SUPPLIED MATERIAL —
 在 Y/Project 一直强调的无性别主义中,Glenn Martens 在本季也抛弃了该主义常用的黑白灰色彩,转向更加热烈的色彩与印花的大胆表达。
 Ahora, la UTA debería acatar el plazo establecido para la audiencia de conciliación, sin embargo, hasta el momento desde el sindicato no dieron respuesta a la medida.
* * *
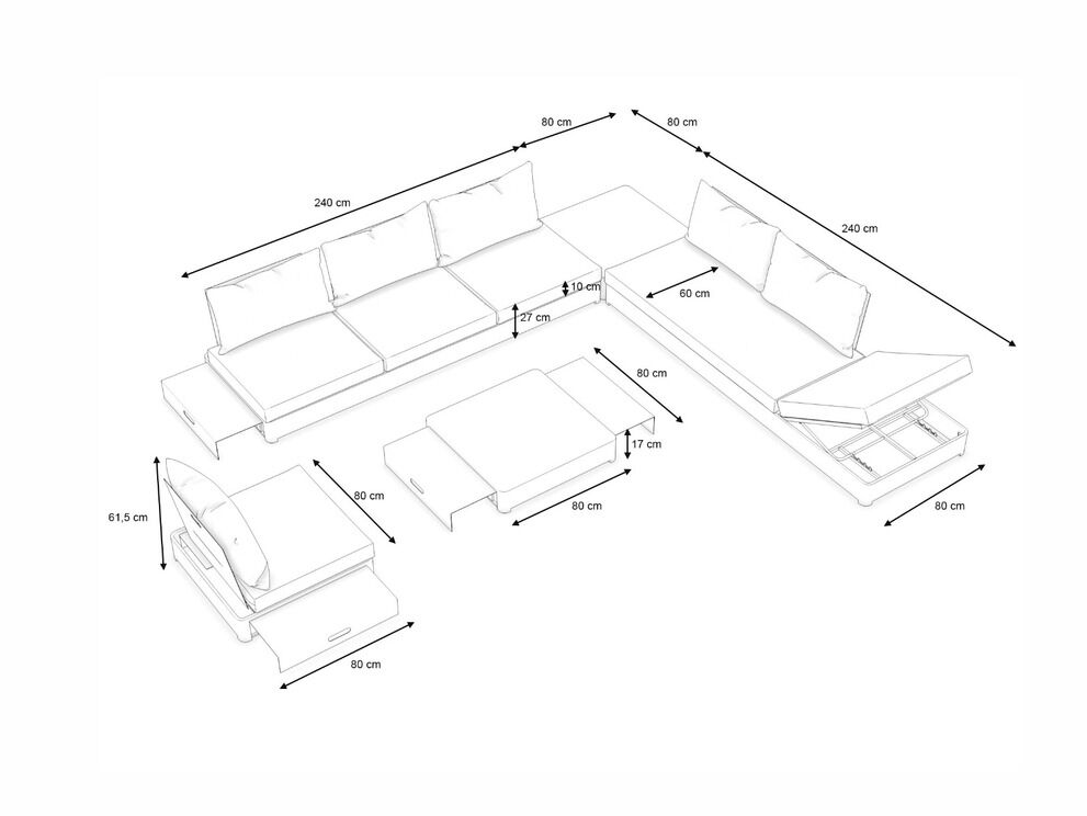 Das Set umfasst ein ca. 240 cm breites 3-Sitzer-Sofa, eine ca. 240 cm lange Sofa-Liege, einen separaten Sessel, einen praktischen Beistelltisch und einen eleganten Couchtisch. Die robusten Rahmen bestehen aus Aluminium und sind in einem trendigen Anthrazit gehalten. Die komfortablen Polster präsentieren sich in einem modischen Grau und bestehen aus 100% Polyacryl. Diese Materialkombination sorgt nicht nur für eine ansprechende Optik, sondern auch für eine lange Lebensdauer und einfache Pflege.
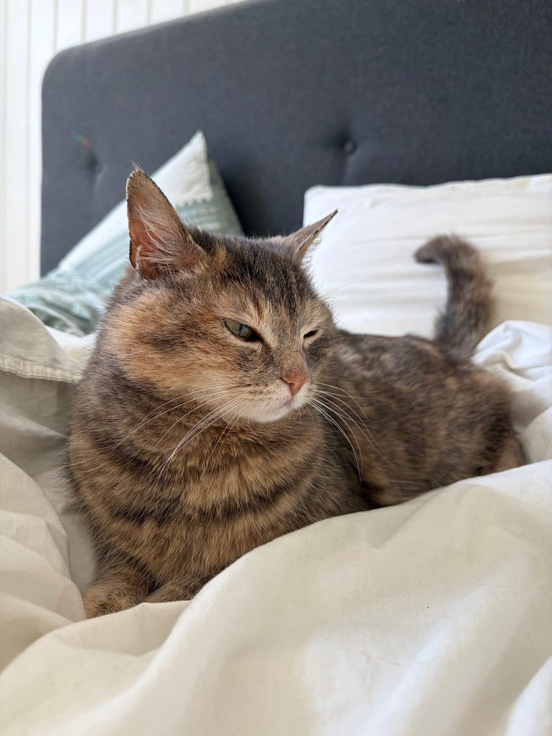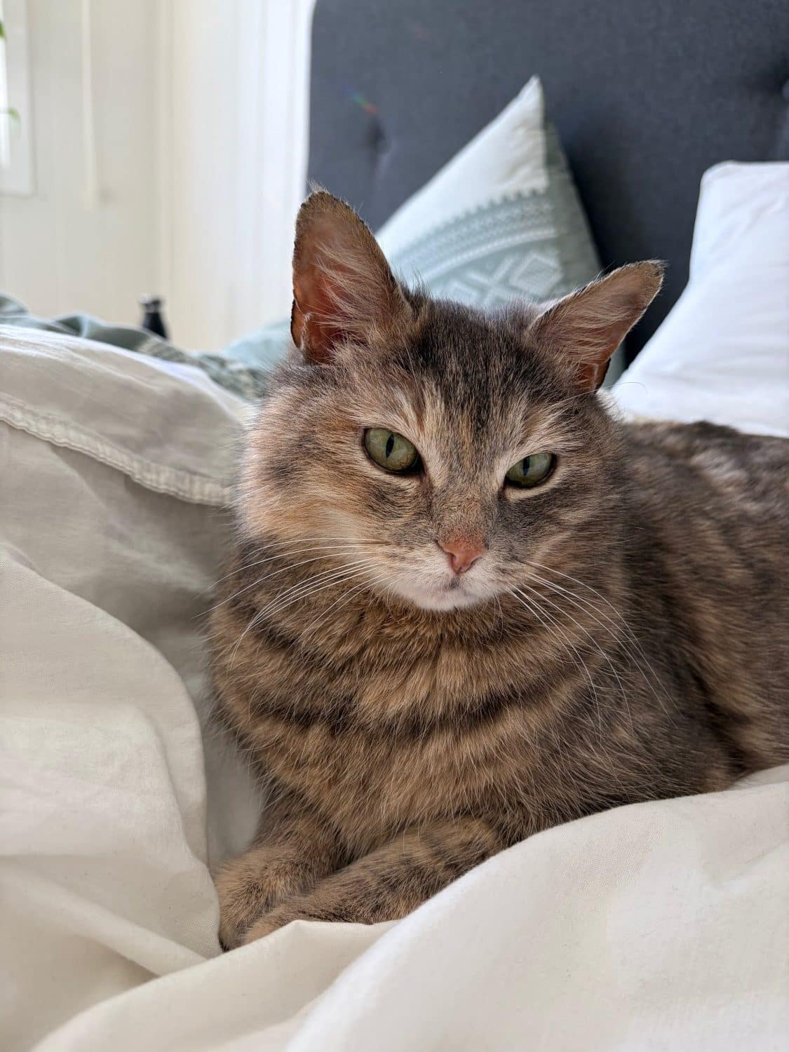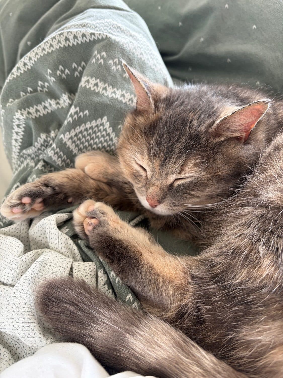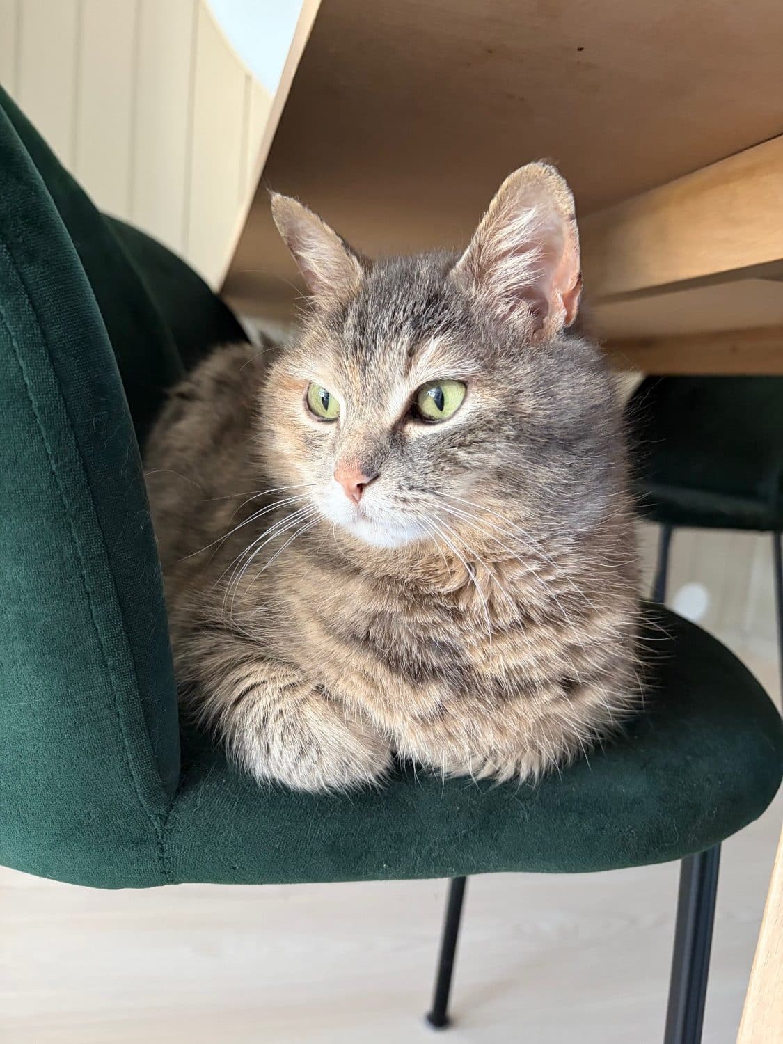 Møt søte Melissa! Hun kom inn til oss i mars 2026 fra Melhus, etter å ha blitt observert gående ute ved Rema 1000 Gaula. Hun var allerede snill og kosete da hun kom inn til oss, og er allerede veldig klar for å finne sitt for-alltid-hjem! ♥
...
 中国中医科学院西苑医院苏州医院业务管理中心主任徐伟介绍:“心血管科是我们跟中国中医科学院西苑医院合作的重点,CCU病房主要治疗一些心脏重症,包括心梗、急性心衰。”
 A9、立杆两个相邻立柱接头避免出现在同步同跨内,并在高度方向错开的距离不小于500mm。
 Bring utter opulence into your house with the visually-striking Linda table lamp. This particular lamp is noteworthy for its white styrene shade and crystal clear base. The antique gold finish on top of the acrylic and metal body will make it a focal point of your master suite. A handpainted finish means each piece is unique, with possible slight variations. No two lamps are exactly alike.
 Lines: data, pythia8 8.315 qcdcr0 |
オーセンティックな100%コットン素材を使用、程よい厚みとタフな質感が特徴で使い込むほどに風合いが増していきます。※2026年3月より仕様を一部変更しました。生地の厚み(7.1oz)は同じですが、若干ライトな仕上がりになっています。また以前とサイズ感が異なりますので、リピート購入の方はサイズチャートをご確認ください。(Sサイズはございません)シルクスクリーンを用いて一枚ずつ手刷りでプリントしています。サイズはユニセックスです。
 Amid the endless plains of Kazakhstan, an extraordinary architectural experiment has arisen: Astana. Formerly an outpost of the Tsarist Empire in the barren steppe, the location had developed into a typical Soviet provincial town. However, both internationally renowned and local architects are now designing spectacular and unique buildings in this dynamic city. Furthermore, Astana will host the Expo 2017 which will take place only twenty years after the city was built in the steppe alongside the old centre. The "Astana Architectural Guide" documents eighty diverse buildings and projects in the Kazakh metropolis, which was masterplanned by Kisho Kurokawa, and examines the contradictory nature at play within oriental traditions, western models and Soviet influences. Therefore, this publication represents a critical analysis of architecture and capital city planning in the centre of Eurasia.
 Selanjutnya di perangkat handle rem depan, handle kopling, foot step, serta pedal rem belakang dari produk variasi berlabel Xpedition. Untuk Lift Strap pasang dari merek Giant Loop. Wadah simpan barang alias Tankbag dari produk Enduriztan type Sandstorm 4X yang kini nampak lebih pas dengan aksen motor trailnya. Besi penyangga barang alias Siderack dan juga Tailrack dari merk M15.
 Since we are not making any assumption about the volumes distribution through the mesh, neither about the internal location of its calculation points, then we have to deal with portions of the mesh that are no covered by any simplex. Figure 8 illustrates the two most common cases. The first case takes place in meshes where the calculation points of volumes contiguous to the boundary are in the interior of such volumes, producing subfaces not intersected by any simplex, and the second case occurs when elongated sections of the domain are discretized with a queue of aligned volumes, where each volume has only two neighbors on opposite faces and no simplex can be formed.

AIM OF THE TASK — An exact copy of the lines above, from the one containing "在 Y/Project 一直强调的无性别主义中,Glenn" down to the one containing "Ahora, la UTA" and including both, is the whole answer; retype it and nothing else.

TASK OUTPUT —
 在 Y/Project 一直强调的无性别主义中,Glenn Martens 在本季也抛弃了该主义常用的黑白灰色彩,转向更加热烈的色彩与印花的大胆表达。
 Ahora, la UTA debería acatar el plazo establecido para la audiencia de conciliación, sin embargo, hasta el momento desde el sindicato no dieron respuesta a la medida.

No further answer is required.